His love of Barbara had from the start been protective and slightly pitying, but with Flora his feelings were beseeching, confused, insecure, grasping and alive. He wanted Flora to love him and didn't understand why he wasn't certain she did. She never told him in words that she loved him. These were new experiences for Hagan.

Sex with Flora was also different than it had been with Barbara. There was no mandatory staring into each other's eyes and no constant declarations. In fact, in the beginning, Flora had expressed distaste for the things that Barbara had always wanted, and she seemed to like Hagan the best when he was slightly remote, bent over his writing desk or sitting out on the balcony, pouring over the first chapter of The Plague.

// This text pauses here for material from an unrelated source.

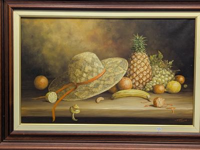 Noëlle ZECCHINON (XXe). Nature morte aux fruits et au chapea…

They went on walks through the city and in the evening went out dancing. Gate Hagan felt those exciting new feelings of insecurity – like he had absolutely no idea what would happen next. Finally, Flora told him that they could no longer meet because she couldn't handle all of his psychological baggage and that she hoped that with the help of a good therapist, eventually life in Brazil would cure him of the experiences he had accrued in the United States. But it may take several years, and in the meantime she had to get on with her life. He felt grateful for the time he had spent with her, and gratefully, but with no small regret, agreed to whatever she said.

After a year, the initial effects of his life in Brazil wore off and he began to see the place as any other place and began to feel an old sense of stress at the core of his being creep back up inside him and paint his world with the hues of fear. He tried to exorcise the stress by drinking red wine and sleeping with women. It worked. He struck a balance within a hedonist, bookish existence. He felt better and better, until finally he decided to take a tour of the villages around the Amazon.

They were little mud-caked villages. There was such poverty there, but the people were happy. It was only when he encountered the missionaries – swarming, carrying bibles, with vaguely ominous names like Pastor Franklin French, the man from Boise Idaho that he had met on a night bus, did he hear rumors of a vast, spiritual despair pervading the sunny little villages of the Amazon.

When the missionaries asked him what he did for a living, he told them he was a coffee scout. He didn't accept any of their invitations, and gradually his consciousness became welded to the Amazon itself as a living, geographic formation that snaked back into the green depths as he himself snaked back through the terrifying layers of the past. He lay in little rooms, struggling through the pages of the Stranger, dreaming about the canoe trip he would take into the inner rain forest, through the living, breathing jungle.